THE COMMENTS SECTION
IS OPEN.

This story has receipts. Now we want yours. Were you at Vancouver? Do you work in the charity sector? Are you a veteran who has an opinion about where £200,328 goes? Do you have a different read on the numbers?

01

Is the £40M Birmingham funding gap a solvable problem or a sign the organisation is in genuine trouble?

02

Is the silence strategy evidence of something to hide, or standard legal advice in a high-scrutiny environment?

03

The veterans whose grants were cut while reserves grew 430% — should the Charity Commission be investigating this?

04

If Birmingham 2027 collapses, what happens to the veterans it was supposed to serve?
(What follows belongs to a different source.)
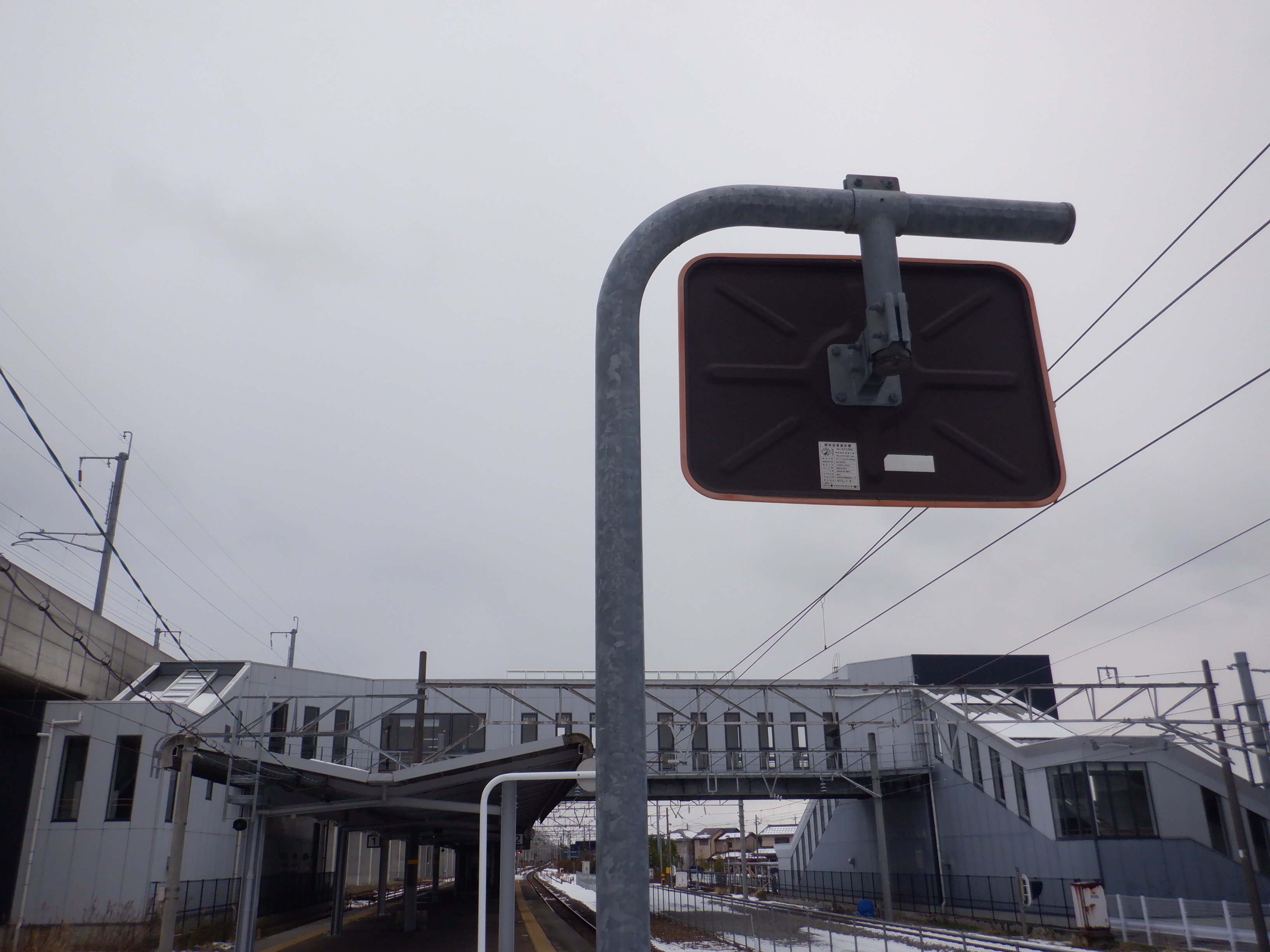 2番のりば金沢方面にある(ワンマン列車には使用されない)ワンマンミラーとそこにある乗車位置案内の跡。

↓ Leave Your Take Below The comment section is below this article · All takes welcome · Receipts encouraged
THE QUESTIONS
No formal investigation has been publicly announced by Canadian or UK authorities. The scrutiny is currently driven by public charity accounts filed with the UK Charity Commission, FOI requests filed by researcher Rachel Maxwell, and journalism by Paula Froelich at NewsNation. The accounts are the foundation's own documents, filed under legal obligation.
The Australian government has not given a detailed public explanation. The same budget committed $14 billion in additional defence spending and $770 million to veteran suicide prevention. Australia did not deprioritise veterans. It deprioritised this organisation specifically. The timing coincided with widespread criticism of Harry and Meghan's Australian visit, which used taxpayer-funded security while classified as a private trip.
There is no evidence and no allegation supported by documentary proof that either Harry or Meghan personally profited from Invictus funds. What the public charity accounts show is that the foundation spent significantly more on itself and less on veterans in 2024 than in previous years. Tom Bower's allegation about private jets and hotels has not been independently verified.
Birmingham 2027 has 11 corporate sponsors contributing an estimated £4 million combined, only Deloitte confirmed as Official Partner (partly in services), Boeing not participating, and an estimated funding gap of up to £40 million with 15 months to the opening ceremony. The vice chairman of the board recently resigned without explanation. Birmingham City Council, which committed £30 million, only exited formal bankruptcy in February 2026.
Dunes LLC is an American for-profit company identified in the UK Charity Commission accounts. No description of its purpose or services is included in the public accounts. The Invictus Games Foundation paid it nearly £30,000 in 2023 and nothing in 2024, with no explanation provided either year. The foundation has not responded to questions about this payment.